22:28 DocMAX: last word: http://kernel.ubuntu.com/~kernel-ppa/mainline/v4.11-rc8
22:29 DocMAX: i think i found something
22:31 karolherbst: DocMAX: might work :p
22:39 karolherbst: Jaga: you were responsible for it :O why didn't I know that before :O
22:39 karolherbst: I mean, that Linus calling bad words to Nvidia
23:01 karolherbst: I guess this is the last update now
23:01 PyroSamurai: pmoreau: sorry, I haven't had time to test anything out. Been busy with setting up the server I just built and other HW stuff.
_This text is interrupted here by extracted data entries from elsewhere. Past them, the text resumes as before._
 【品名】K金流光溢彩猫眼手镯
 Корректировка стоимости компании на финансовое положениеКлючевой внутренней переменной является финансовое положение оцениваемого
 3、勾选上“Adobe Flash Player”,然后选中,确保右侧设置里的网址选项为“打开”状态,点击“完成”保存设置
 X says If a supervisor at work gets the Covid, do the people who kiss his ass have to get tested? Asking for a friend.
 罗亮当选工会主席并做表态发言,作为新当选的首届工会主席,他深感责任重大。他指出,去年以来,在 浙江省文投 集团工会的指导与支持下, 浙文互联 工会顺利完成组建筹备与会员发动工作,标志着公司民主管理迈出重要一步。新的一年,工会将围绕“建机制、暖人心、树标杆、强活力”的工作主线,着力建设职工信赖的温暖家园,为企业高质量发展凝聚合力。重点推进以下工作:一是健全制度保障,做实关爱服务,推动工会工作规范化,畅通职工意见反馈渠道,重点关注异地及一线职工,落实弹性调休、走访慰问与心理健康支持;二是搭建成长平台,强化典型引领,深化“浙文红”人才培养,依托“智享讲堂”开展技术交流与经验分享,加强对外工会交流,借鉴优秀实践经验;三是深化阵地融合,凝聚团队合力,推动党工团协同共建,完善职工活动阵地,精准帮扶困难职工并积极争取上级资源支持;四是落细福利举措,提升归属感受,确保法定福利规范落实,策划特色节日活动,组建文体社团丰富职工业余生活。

Probably won't get to it this week and I
23:02 PyroSamurai: pmoreau: am going to my brothers graduation ceremony for his Master degree completion :)
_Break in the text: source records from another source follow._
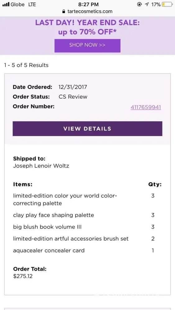 My question is why a well-known cosmetics company like Tarte would do this to "small" person like me and other people. I searched for similar complaints on online, and I found similar encounters like mine, during this "so-call birthday sale." This is not an easy mistake to make, it's more like intentional. They cannot compensate for their mistakes.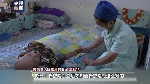 失能老人陳富景的妻子 孟秋華:護(hù)理員一來就幫他揉,我就輕松多了,白天來的好幾個小時我能休息,辦完長護(hù)險(xiǎn)后才知道長護(hù)險(xiǎn)這么好,又解決家庭經(jīng)濟(jì)困難,還有人幫著照顧,我說老頭子有救了。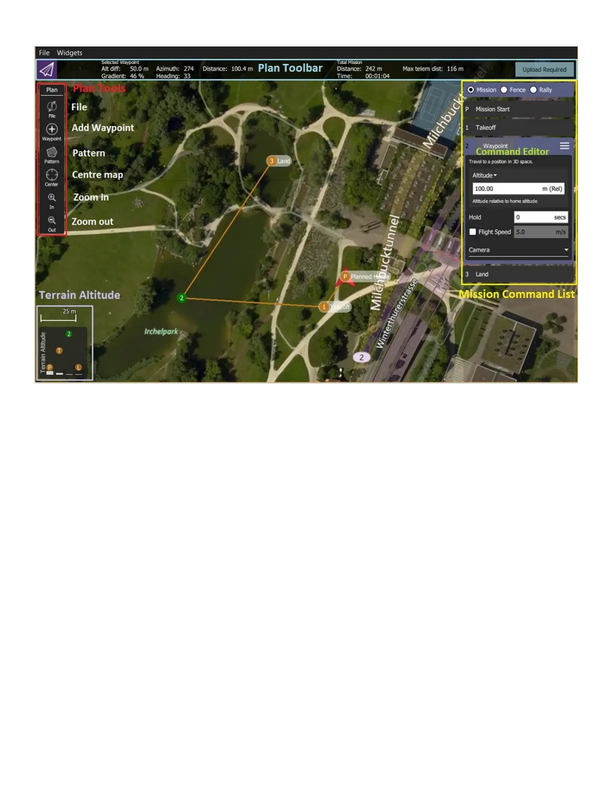 Detailed waypoint list can be used to give commands at each waypoint. Command menu
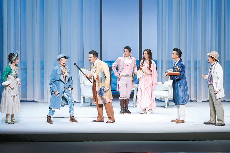 “在保留原作時(shí)代風(fēng)貌的基礎(chǔ)上,我們期待能進(jìn)行現(xiàn)代視角的轉(zhuǎn)譯,讓這部經(jīng)典作品煥發(fā)出更輕快時(shí)尚的舞臺(tái)表達(dá)?!眹?guó)家大劇院副院長(zhǎng)張堯說(shuō)。這一版《一仆二主》集結(jié)了中國(guó)國(guó)家話劇院導(dǎo)演王劍男、舞美設(shè)計(jì)張華翔等主創(chuàng)藝術(shù)家,由董汶亮、楊淇、郭爍杰、孫立石等國(guó)家大劇院戲劇演員隊(duì)演員出演。他們首先呈現(xiàn)了《一仆二主》原作靈巧詼諧的精髓,將角色間環(huán)環(huán)相扣的“信息差”層層剝開。

23:02 PyroSamurai: pmoreau: on Friday
23:03 DocMAX: i tried 4.11-rc8, no luch
23:03 DocMAX: karolherbst, skeggsb
23:03 DocMAX: luck
23:04 karolherbst: it's not 4.12
23:04 DocMAX: no but near 4.12
23:04 karolherbst: well, not near enough
23:04 DocMAX: can i get the nouveau driver separately?
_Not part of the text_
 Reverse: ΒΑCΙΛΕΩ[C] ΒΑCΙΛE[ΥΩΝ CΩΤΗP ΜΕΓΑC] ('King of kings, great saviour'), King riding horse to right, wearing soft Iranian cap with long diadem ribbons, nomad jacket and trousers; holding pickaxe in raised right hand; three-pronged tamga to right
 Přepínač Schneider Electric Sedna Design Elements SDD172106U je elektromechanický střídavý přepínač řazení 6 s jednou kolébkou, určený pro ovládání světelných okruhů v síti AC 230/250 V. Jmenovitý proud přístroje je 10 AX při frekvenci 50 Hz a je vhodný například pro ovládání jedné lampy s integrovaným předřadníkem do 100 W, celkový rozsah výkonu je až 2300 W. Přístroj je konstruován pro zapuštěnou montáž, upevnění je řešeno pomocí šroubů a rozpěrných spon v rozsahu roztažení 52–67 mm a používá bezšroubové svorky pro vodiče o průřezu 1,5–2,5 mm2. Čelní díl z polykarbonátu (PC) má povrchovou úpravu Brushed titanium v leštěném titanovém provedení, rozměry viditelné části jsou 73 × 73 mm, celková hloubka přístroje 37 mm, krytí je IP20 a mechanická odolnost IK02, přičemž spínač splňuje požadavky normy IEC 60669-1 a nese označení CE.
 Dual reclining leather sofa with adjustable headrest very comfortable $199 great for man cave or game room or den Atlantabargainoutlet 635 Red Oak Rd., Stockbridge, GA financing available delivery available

23:04 karolherbst: yeah, if you compile it yourself
23:04 karolherbst: but then you need a recent enough kernel
23:04 karolherbst: otherwise it won't compile
23:05 karolherbst: there should be a PPA for drm-next kernels
23:05 DocMAX: is the patch allready in the nouveau sources?
23:05 karolherbst: but I am not sure if the changes are in there already
23:05 karolherbst: it should be
23:07 DocMAX: i found a site with drm-next kernels 4.11
23:08 DocMAX: will try
23:08 karolherbst: 4.11 won't work
23:08 DocMAX: whatever drm-next means
23:08 DocMAX: but there is no 4.12
23:09 khronosschoty: drm-next sounds scary for some reason
23:20 DocMAX: you wont blieve me
23:21 DocMAX: http://kernel.ubuntu.com/~kernel-ppa/mainline/drm-next/current/
23:21 DocMAX: GTX 970 WORKS!!!
23:21 DocMAX: Kernel 4.11!
23:22 DocMAX: karolherbst, skeggsb
23:22 karolherbst: I am sure it is a 4.12 one?
23:22 karolherbst: what does uname -a say?
23:23 DocMAX: Linux game 4.11.0-996-generic #201704212201 SMP Sat Apr 22 02:03:24 UTC 2017 x86_64 x86_64 x86_64 GNU/Linux
23:23 karolherbst: okay, that's 4.11 + 4.12 drm stuff
23:23 karolherbst: right
23:24 DocMAX: i can feel the acceleration
23:24 DocMAX: not like 4.4
23:24 DocMAX: feels like windows
23:25 DocMAX: great performance for a open source drive
23:25 DocMAX: r
23:29 PyroSamurai: now if only we can reach the statement "great performance for a driver. period."